In quel momento capì di averla fatta grossa; ero stato io a mettere la bottiglia nel cassetto della scrivania; vallo a spiegare ora che i busi-busi si trovavano li per uno scopo didattico.
La maestra ciucia chi vola non dava segni di vita, la bidella era corsa a prendere dell’acqua. La maestra Marino ripeteva continuamente che bisognava portarla immediatamente all’ospedale a causa delle punture. Quando ritornò a Zi Annita tranquillizzò la maestra dicendo: “Sulu scantata è, sta specie di cattuppulo unn’ave vilenu”
Nel momento in cui la maestra ciucia chi vola rinvenne, la maestra Marino alzò lo sguardo furente verso la fila di noi maschi e nel contempo prese la bacchetta d’olivo che aveva poggiato sulla cattedra. Bacchetta d’olivo chiamata anche in dialetto “pilarino d’olivo”, nel senso che quando colpiva “t’allisciava u pilu”.
Vidi gli sguardi di tutti i miei compagni su di me e la maestra che si avvicinava con fare deciso; in un istante mi arrampicai sul davanzale della finestra e senza difficoltà con un balzo saltai fuori dall’aula, cosa che oltretutto facevo spesso quando “suonava” la campana.
La scuola era perimetrata da un muro alto circa un metro e mezzo e con un orlato largo una quarantina centimetri. Mi andai a sedere sul muro vicino al cancello di entrata prospicente la strada.
“Scinni! …. Ra pezzo di delinquenti. Scinni! ….. Scinni chi ti fazzo a biriri eo! Scinni!”, erano le frasi ricorrenti della maestra Marino che si era dimenticata della lingua italiana e che mi rincorreva con il pilarino alzato lungo il muro seguita da tutti i miei compagni vocianti e dalla Zi Annita che ovviamente ci metteva pure la sua.
“Birbanti, scinni! … Zuccu torto! … Pezzu di ribelle, scinni! …ora chiamamu a to patri!” queste le frasi ricorrenti della Zi Annita.
Non ci fu bisogno di chiamare mio padre! Caso volle, si trovò a passare da lì in auto e mi aveva visto sul muro che discutevo animatamente con la maestra. Me ne accorsi quando stava scendendo dall’auto.
Se fino a quel momento avevo mostrato una certa spavalderia sicuro di potere spiegare il fatto alla maestra, di colpo mi salì un groppo in gola.
“Chi cumminasti” furono le prime parole di mio padre che si era fermato all’esterno del muro della scuola.
La scena era tragicomica.
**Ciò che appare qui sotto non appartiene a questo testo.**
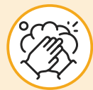
ኣእዳውካ ብዙሕ ግዜ ኣጽሪ
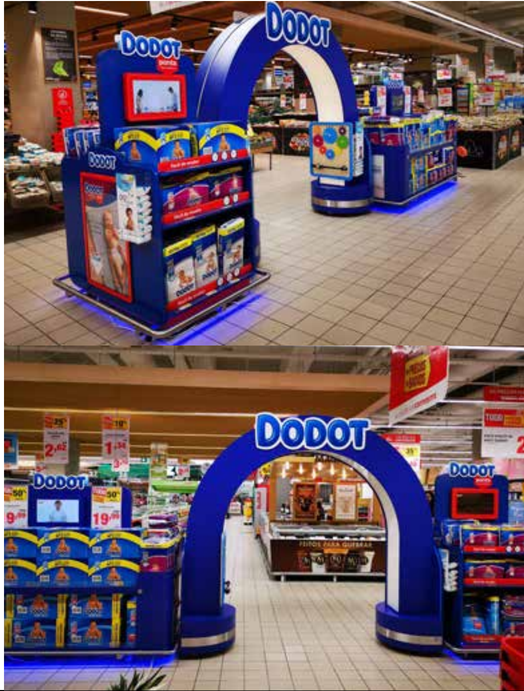
PROJETO Pórtico e Ilha Dodot
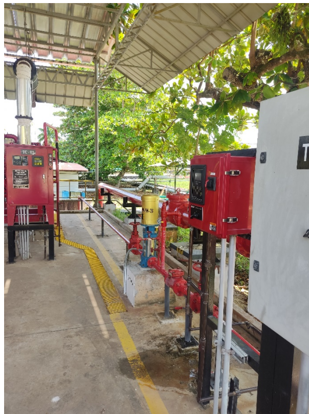
Bomba Jockey Sistema Contraincendios Refinería Iquitos.
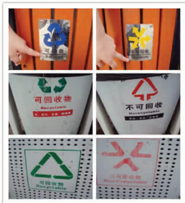
地点:南京城区 错误之处:垃圾桶上“可回收”和“不可回收”的翻译五花八门
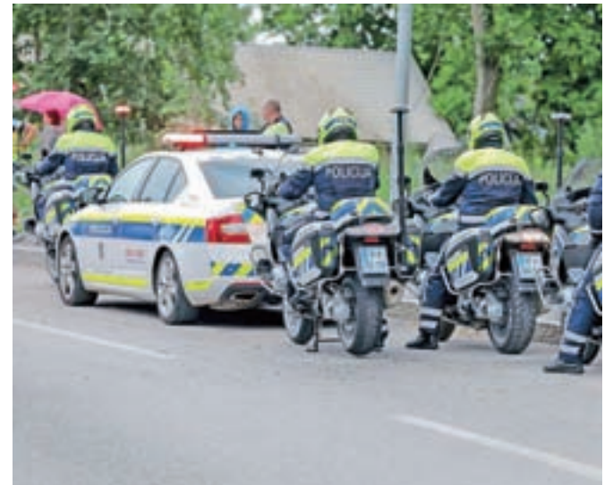
Policisti si želijo stabilnega stanja varnosti cestnega prometa ter zmanjševanja števila mrtvih in telesno poškodovanih v prometnih nesrečah. / Foto: Tina Dokl

Policisti tudi pravijo, da je njihovo delo na področju prometne varnosti

Io sul muro; tutte le maestre, la Zi Annita, tutti i bambini, quelli di prima e seconda, della mia classe e anche quelli dell’asilo, che mi venivano dietro dall’interno dell’atrio della scuola; all’esterno mio padre che avanzava pure verso di me e io che indietreggiavo lungo il muro e che cercavo di spiegare il fatto, ma le mie parole erano sovrastate da una ridda di voci, accusatorie delle maestre, stridule e acute della Zi Annita, di difesa dei miei compagni maschi, altamente rumorose quelle degli altri.
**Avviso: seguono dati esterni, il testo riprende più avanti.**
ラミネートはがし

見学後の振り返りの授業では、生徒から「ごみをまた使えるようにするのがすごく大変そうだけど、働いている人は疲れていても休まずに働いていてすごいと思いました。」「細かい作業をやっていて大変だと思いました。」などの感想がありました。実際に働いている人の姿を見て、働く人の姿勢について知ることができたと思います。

Vista la situazione, considerato che mio padre si era nel frattempo sfilato la curria dei pantaloni, saltai giù dal muro e mi avviai di corsa verso casa per le viuzze della contrada, evitando di prendere la strada che poteva fare mio padre con l’auto.
Andai a casa di Nonna Giovannina, la nonna paterna, per evitare le reprimenda di mia madre e sicuro che la nonna avrebbe preso le mie difese.
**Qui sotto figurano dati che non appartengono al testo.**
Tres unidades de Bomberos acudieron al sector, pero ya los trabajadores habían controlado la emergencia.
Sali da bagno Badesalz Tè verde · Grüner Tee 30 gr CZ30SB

“Stasira ‘ncasa facemu i cunti” disse mio padre, non scendendo dall’auto, dopo che si era sincerato che ero a casa della nonna.
“Cuntami tutti cosi, …. pi filu e pi signu” disse mia nonna. Spiegai tutto; alla fine, sorridendo dell’accaduto, mi rassicurò dicendo che avrebbe parlato lei con papà.
Rimasi tutto il giorno a casa della nonna. Seppi dopo che mio padre era andato a parlare con le maestre ed anche con i miei compagni. A cena volle, pur sapendoli, raccontati i fatti, pi filu e pi signu. Mi accorsi da subito che aveva segni di intesa con la nonna e che a volte si sforzava di non sorridere. Alla fine mi disse solamente di non combinare più marachelle del genere.
Quella volta, sia scantu, sia nenti, finì così!
Non finì così invece in un'altra occasione che, giustu, giustu pi malu distinu, incrociai mio padre per strada quando invece dovevo essere a scuola.